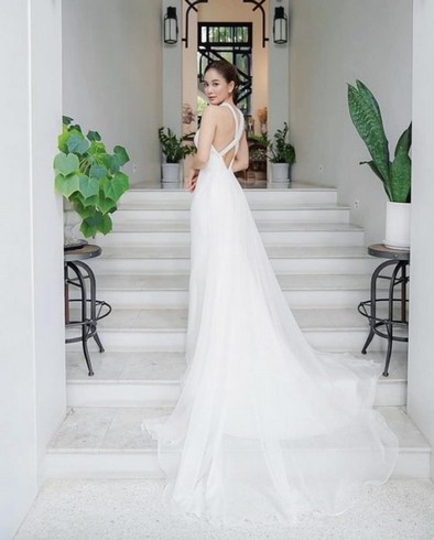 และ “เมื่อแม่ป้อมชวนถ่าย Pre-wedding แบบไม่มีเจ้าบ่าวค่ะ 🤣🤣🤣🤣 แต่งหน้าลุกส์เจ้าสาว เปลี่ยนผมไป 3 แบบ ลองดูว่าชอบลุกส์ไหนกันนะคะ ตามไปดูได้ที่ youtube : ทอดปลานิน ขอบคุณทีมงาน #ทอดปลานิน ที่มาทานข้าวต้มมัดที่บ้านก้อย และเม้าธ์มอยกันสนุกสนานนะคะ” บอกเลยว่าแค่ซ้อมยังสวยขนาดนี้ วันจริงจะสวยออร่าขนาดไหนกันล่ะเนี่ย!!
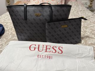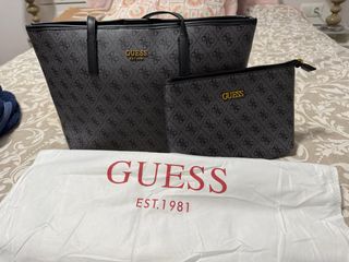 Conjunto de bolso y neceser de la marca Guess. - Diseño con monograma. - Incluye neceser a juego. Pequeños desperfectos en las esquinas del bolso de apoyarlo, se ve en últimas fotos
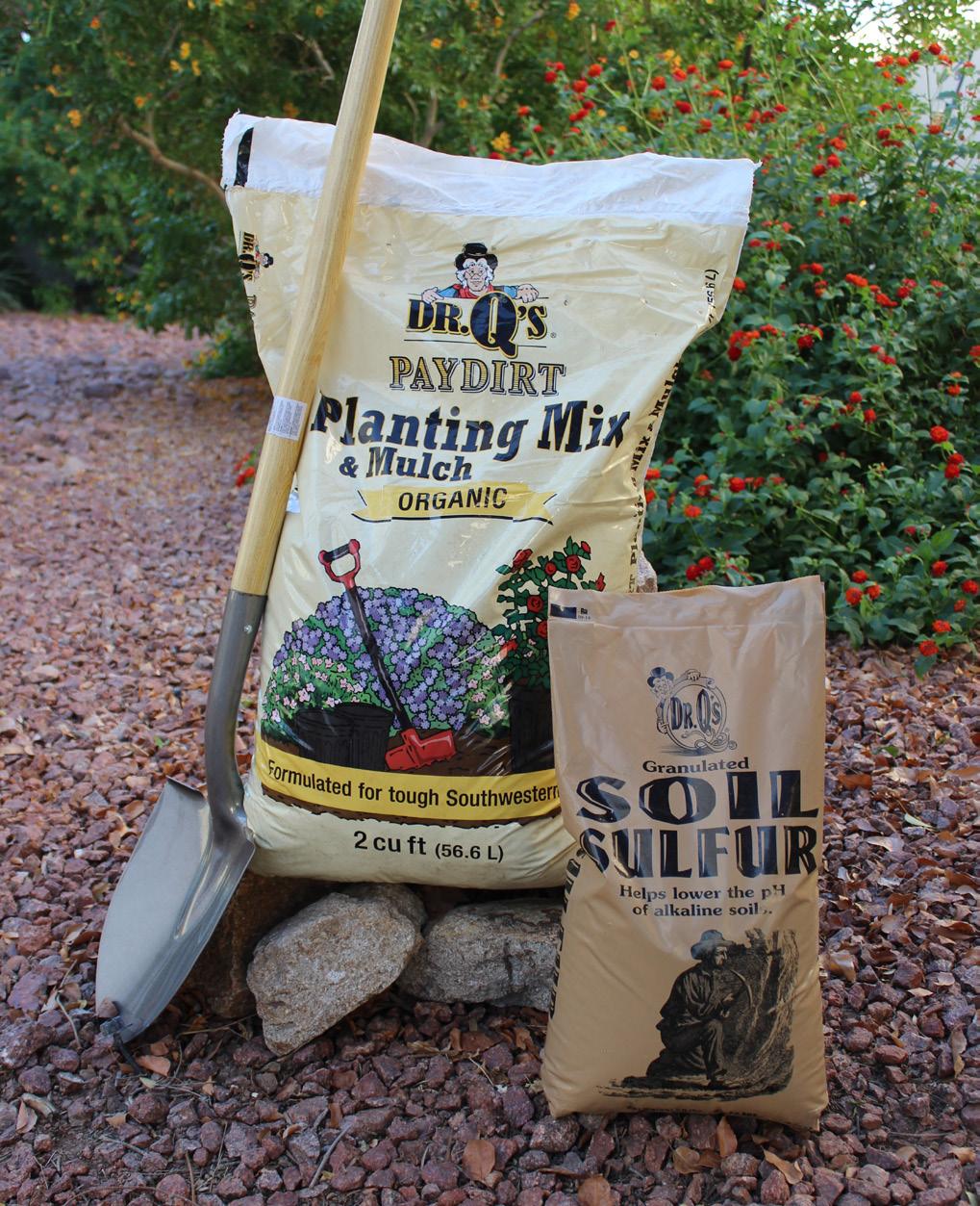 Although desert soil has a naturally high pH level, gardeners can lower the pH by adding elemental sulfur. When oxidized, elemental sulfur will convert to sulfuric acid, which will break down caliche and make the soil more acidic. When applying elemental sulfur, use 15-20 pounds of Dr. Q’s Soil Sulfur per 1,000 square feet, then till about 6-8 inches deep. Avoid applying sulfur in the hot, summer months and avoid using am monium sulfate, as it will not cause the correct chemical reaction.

==================================================

### Exercise details
The whole listing must be restated word for word. Leave out any pictures.

### Result of this task
 และ “เมื่อแม่ป้อมชวนถ่าย Pre-wedding แบบไม่มีเจ้าบ่าวค่ะ 🤣🤣🤣🤣 แต่งหน้าลุกส์เจ้าสาว เปลี่ยนผมไป 3 แบบ ลองดูว่าชอบลุกส์ไหนกันนะคะ ตามไปดูได้ที่ youtube : ทอดปลานิน ขอบคุณทีมงาน #ทอดปลานิน ที่มาทานข้าวต้มมัดที่บ้านก้อย และเม้าธ์มอยกันสนุกสนานนะคะ” บอกเลยว่าแค่ซ้อมยังสวยขนาดนี้ วันจริงจะสวยออร่าขนาดไหนกันล่ะเนี่ย!!
 Conjunto de bolso y neceser de la marca Guess. - Diseño con monograma. - Incluye neceser a juego. Pequeños desperfectos en las esquinas del bolso de apoyarlo, se ve en últimas fotos
 Although desert soil has a naturally high pH level, gardeners can lower the pH by adding elemental sulfur. When oxidized, elemental sulfur will convert to sulfuric acid, which will break down caliche and make the soil more acidic. When applying elemental sulfur, use 15-20 pounds of Dr. Q’s Soil Sulfur per 1,000 square feet, then till about 6-8 inches deep. Avoid applying sulfur in the hot, summer months and avoid using am monium sulfate, as it will not cause the correct chemical reaction.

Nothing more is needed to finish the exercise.